My co-workers, who conducted a secret vote under citronella tiki torches by my editor’s pool, have decreed that I am the employee most likely to make it in “Survivor.”
“You’d be perfect for this,” cooed one. “You better sign up, girl,” cooed the other. Well, she didn’t exactly coo, and it was my assigning editor, so that meant I had better set my gluteus maximus in front of the computer, log on to www.CBS.com and get in the running for the next season, to be set in the Australian Outback.
I’m not quite sure what sterling qualifications I have exuded to deserve this dictate, although I think I heard someone mumble something about my having been known to take public transportation in this area, which requires street smarts and gritty, hopeless optimism.
It might have been my brief foray into martial arts, although I don’t recall learning crocodile choke holds. Besides, a black belt in karate didn’t help Ramona, who was kicked off by week three.
A bit ironic
I suspect it’s the cruel irony of the situation that appeals to them. You see, I wouldn’t watch “Survivor” if it were the last show on Earth. You’ve already heard all the metaphors for the show, so you don’t need hear any more “Ten Little Indians” meets Franklin Covey, or “Heart of Darkness,” except without the heart or the darkness.
Also, no one except the most feeble-minded pasty-skinned couch potato could possibly believe that these fine folks were ever threatened by danger or spontaneity from the moment they signed their contract. I don’t need to go into a tirade on media orchestration. Suffice it to say, the show has the mercury of my keenly sensitive hype-o-meter on a boil.
This makes me an outcast among “Survivor” watchers, which include the voting contingent of my co-workers. You should have seen the day I found a seemingly reliable Web site that leaked who the last survivor was. Knowing enough not to announce the name, I sang out, “Does anyone want the site address?” What I should have said was, “I found the Holy Grail.

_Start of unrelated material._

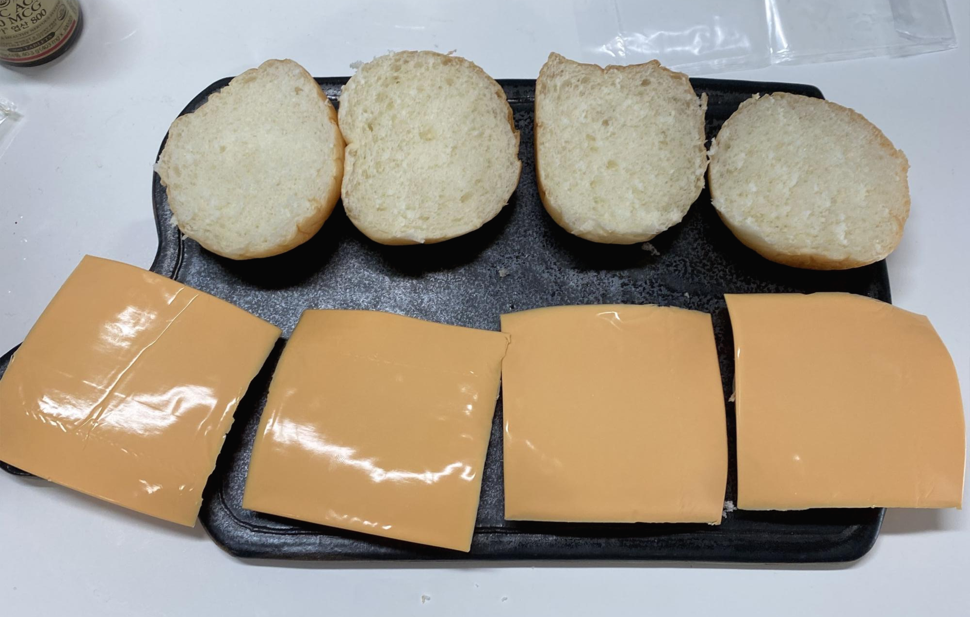 모닝빵을 반 잘라서 치즈를 올려줍니다.

Anyone want to use it as a chamber pot?”
However, just to show I am the inveterate team player, I tagged along to our staff’s first “Survivor” party in a sarong. (That I had already been exiled, er, appointed, to try for the Australian Outback had no bearing whatsoever.)
Some intrigue
I admit, “Survivor” does have its planted elements of Greek drama, complete with hubris, hamartia and deus ex machina in this case, the gods being a CBS plane tossing down hammocks and spice racks from Target. The problem is, with all that choreographed drama, the show is oddly tedious. The eulogy approach kills any suspense on who will be the next little Indian to go (which should be host Jeff Probst, smeared with honey and chased by ants).
It’s a game show, but certainly not the most dangerous game a la Richard Connell’s classic short story. It reminds me of that awful year John Tesh was a commentator at the Olympics, when NBC aired those Vaseline-smeared gauzy bios of the athletes. Anyone it ever profiled would promptly flame out after the next commercial break. At least there, the competition was live. This one is a done deal, with rejected “Survivors” popping up all over TV the next morning and revealing all about underwear rash and cameramen tossing in extra snakes to keep the spirits lively.

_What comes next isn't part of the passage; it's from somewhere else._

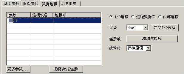 接著,在改點的“數據連接”參數頁中選擇I/O連接,并選擇相應的設備。
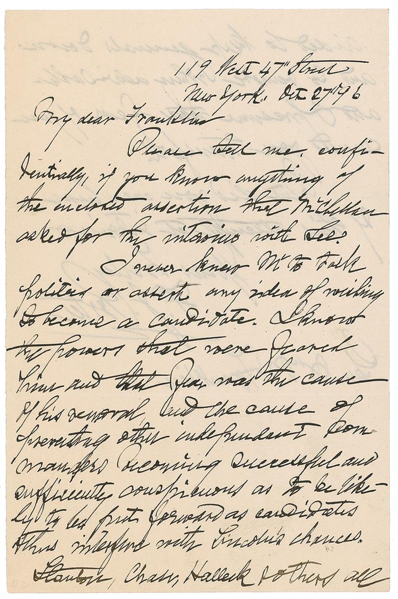 Union major general who fought at Antietam and Second Bull Run. Porter was court-martialed in 1863 for disobeying an order from Gen. Pope to attack but was exonerated in 1878. ALS signed “F. J. Porter,” one page both sides, 5.25 x 8, October 27, 1896. Letter to General William B. Franklin. In full: “Please tell me, confidentially, if you know anything of the enclosed assertion that McClellan asked for the interview with Lee. I never knew McC to talk politics or assert any idea of wishing to become a candidate. I know the powers that were feared him and that fear was the cause of his removal and the cause of preventing other independent commanders becoming successful and sufficiently conspicuous as to be likely to be put forward as candidates & thus interfere with Lincoln’s chances. Stanton, Chase, Halleck & others all aided to keep generals down and to remove when desirable and I presume that fear of you caused your transfer.” In fine condition, with a light brush to signature.

Lest you think I’m a corporate toady, don’t think I didn’t try to wriggle out of this. I thought the argument about no Asians being on the show aside from the Indonesian critters skittering around in the jungle was a good one. “That just means you’re due,” they argued. Score one for the intersection of network political correctness and my ethnic pride this is the fallout from CBS canceling “Martial Law.”
Technology might save me yet. The CBS Web site has crashed my computer about a half-dozen times. Apparently I’m not the only fool being egged on to try to get an expense-paid trip to Australia during an Olympic year. Meanwhile, just in case, I’ll take a few more cardio kickboxing classes and watch “Crocodile Hunter.” At least I can try to pick up an Aussie accent.